The surau can now accommodate 450 worshippers, though parking space is limited to just over 60 vehicles. It is equipped with facilities such as a prayer hall, fax services, and seven computers used by local schoolchildren for learning. Since its construction, the surau initially lacked a permanent mosque officer, with communal prayers led by acting imam Haji Hanifah bin Haji Alus, a religious teacher. In 1996, the Department of Mosque Affairs appointed Aidil Sufian bin Haji Mohd. Yassin as imam, while Haji Ibrahim bin Badar served as the acting muezzin. The surau now has a permanent muezzin, Mohamad Shahirwandy bin Samsudin, who previously served at Kampong Penabai Mosque in Tutong.
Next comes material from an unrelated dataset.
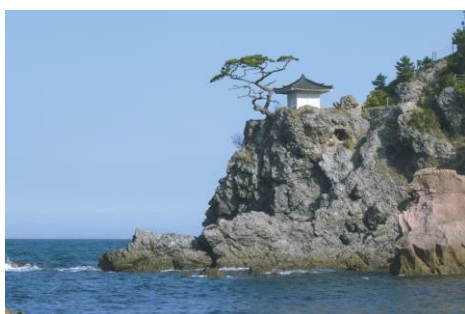
おおいた姫島ジオパーク 観音崎

2019 年 11 月に大分県で日本ジオパーク全国大会が開催されました。大分県には 2 つのジオパークがあり、火山活動で生まれた大地や島々を見ることができます。洞爺湖有珠山ジオパーク推進協議会では、ポスター発表やブース展示を通じ、ジオパークの取組を紹介しました。

The surau has organised religious activities such as nightly tadarus sessions, Quran completion ceremonies, memorial prayers, and celebrations of Islamic and national events. Other programmes, including religious study circles, lectures, forums, competitions, and training courses, are also regularly held. Due to its well-organised and successful programmes, the surau won the Mosque Takmir Award in the surau and prayer hall category in 1996 and 2000. Its achievements have served as an example for other suraus and prayer halls to remain active in engaging their communities.

Pengiran Anak Haji Mohamed Alam Mosque is the village mosque; it was inaugurated on 7 April 2017 by Sultan Hassanal Bolkiah and can accommodate 1000 worshippers.

== Notable people ==
- Pengiran Muhammad Yusuf (1923–2016), diplomat, politician and writer.